На вокзале почти не чувствовалось приближения Нового года - мало в киосках было гирлянд, украшений из мишуры, елочных игрушек. Люди озабоченно толпились у касс, роились в залах ожидания, по радио объявляли прибытия-отбытия дальних поездов и электричек. Вероника Александровна вдруг пожалела, что никуда ей не надо ехать; теплые уютные купе займут другие люди; кто из них будет важничать и молчать, а кто-то расчувствуется и расскажет про свои беды. А ей вот некуда уехать и никого не надо встречать... Вероника Александровна поискала, куда можно пристроиться - но везде были стоячие кафе, минутные, а ей хотелось посидеть, убить время. Наконец, в дальнем крыле, в отгороженном закоулке, она нашла небольшой, на четыре столика, буфет. Заказала: суп из пакета, две сосиски, помидор, стакан чаю и два хлеба. Буфетчица была разбитной, лет двадцати, девчонкой, и она обсчитывала Воробьеву, честно глядя ей в глаза. Не намного, и ловко, любезно. Костяшки счет так и летали туда-сюда. Буфетчица уточняла:

- Помидор нарезать? Нарежу. Сосиски с горчицей, с кетчупом? А хлеб горбушками или серединку?

Вероника Александровна пожала плечами: какая разница. Точка была не на бойком месте, заходили сюда редко, и суп она хлебала в одиночестве. Как и все синтетические блюда, он отдавал химическим запахом, будто лекарство. Она проглатывала невкусную жидкость, и как ни странно, успокаивалась. Все в ней уравновешивалось, простело.

Заглянули еще двое посетителей, видимо, старинных знакомых буфетчицы. Было им лет по тридцать, но она вела себя с ними снисходительно.

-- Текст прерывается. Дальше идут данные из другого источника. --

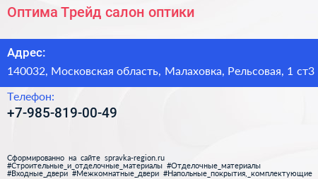 Оптима Трейд, салон оптики по адресу 140032, Московская область, Малаховка, Рельсовая, 1 ст3 в дальнейшем Организация, размещена в следующих категориях: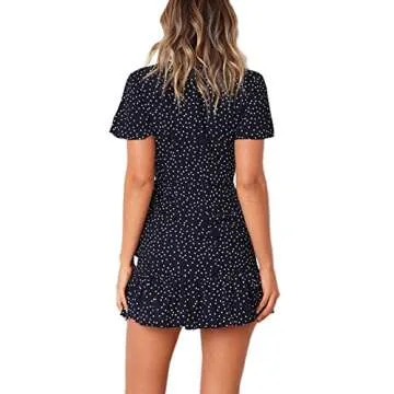 Relipop Summer Women Short Sleeve Print Dress V Neck Casual Short Dresses Navy Blue

Одного звала «солнышко мое», другого - «зайка». Подала им порционные пельмени, по стопке водки. Мужчины и так уже были навеселе и буфетчица о них заботилась:

- Солнышко, много не пей, голова завтра будет болеть! - в голосе ее было много материнской нежности и одновременно женского зова, желания. Воробьева и дальше ловила отрывки буфетного разговора, узнала, что Шурка, сменщица, выходит замуж и взяла отгулы, а «солнышко» - бывший летчик, и еще почувствовала, что «зайку» буфетчица недолюбливает. За что? Может, за то, что тот постоянно сопровождает «солнышко»? Она не скрывала своих лет, говорила:

- Я с 79-го года, а вы постарше, лет на десять, солнышко мое, будете. Пора бы уж научиться себя вести, а то завтра на самолет не взберетесь!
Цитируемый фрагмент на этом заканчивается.